Wikileaks has gained notoriety in the past few weeks for leaking confidential journals regarding the war (that was supposed to be over by now) in Afghanistan. I moseyed on over and checked out the documents myself. Boring. I supposed I should have dug deeper, because nestled in the controversy was this gem of a story. One of my least favorite newspapers has the scoop.
Mortars, Guns, Machettes….egh, the insurgents just find them all too boring of tools for killing invasive American Geologists. Poison beer, now that’s fun! That’s right, apparently the Wikileak documents purport that the ISI (Afghan spy agency) and insurgents actually intended on using the method with regularity. Americans do love them some beer, after all. And one American Geologists claims to have been a victim:
James Yeager, an American geologist who advised Afghanistan’s Ministry of Mines, tells the Monitor he returned to his residence in Kabul to find it had been burgled. The intruder took money from a drawer and left behind a bottle of Corona beer.
The Corona bottle sat on his counter for the next two weeks Yeager says, because Corona is one of his least favorite beers. He finally opened it during a going away party as the other drinks began to run low.
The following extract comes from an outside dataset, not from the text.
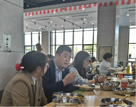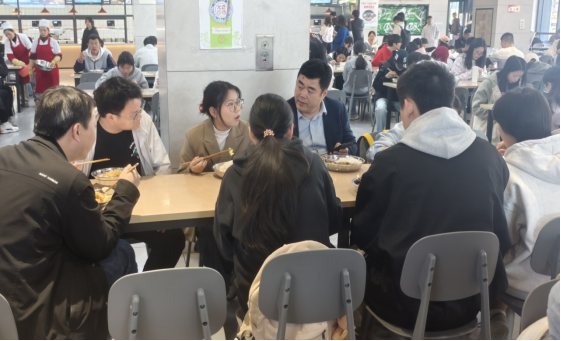 (通讯员:金楚悦)2025年3月21日中午12时,公司党委书记于永伟、副书记何可可携学工办主任顾志辉和兼职辅导员金楚悦,与五名大四考研学子齐聚东校区四食堂,在热气腾腾的午餐时光中展开了一场“零距离”午餐交流会。这场别具一格的交流会以“精准答疑+实战赋能”为主线,为冲刺复试关键期的学子注入强心剂。

“I pulled it out and when I popped it there was no fizz and the cap was loose,” says Yeager. “Because this one didn’t have fizz you wonder if it went rancid or not, and I just kind of sniffed it and I went ‘Oh, that doesn’t smell like beer.’ ”
Yeager, a geochemist familiar with acids, realized it smelled like sulfuric acid – otherwise known as battery acid. He called a friend over who had the same reaction to the smell. Yeager poured the “beer” into the toilet and it foamed and fizzed, leaving “no question” in his mind it was sulfuric acid.
Interestingly, the plan seems to have fouled up a bit at the beer choice. Had it not been a disgusting Corona and perhaps a nice IPA, Yeager would have quaffed the beer without hesitating. Silly insurgents. They didn’t even leave a lime? Lucky for Yeager, his discriminating taste buds saved him from an esophagus full of Sulphuric Acid.
This puts a whole new spin on the term, “Alcohol Poisoning.”
In case anybody wonders, I will not be visiting Afghanistan any time soon.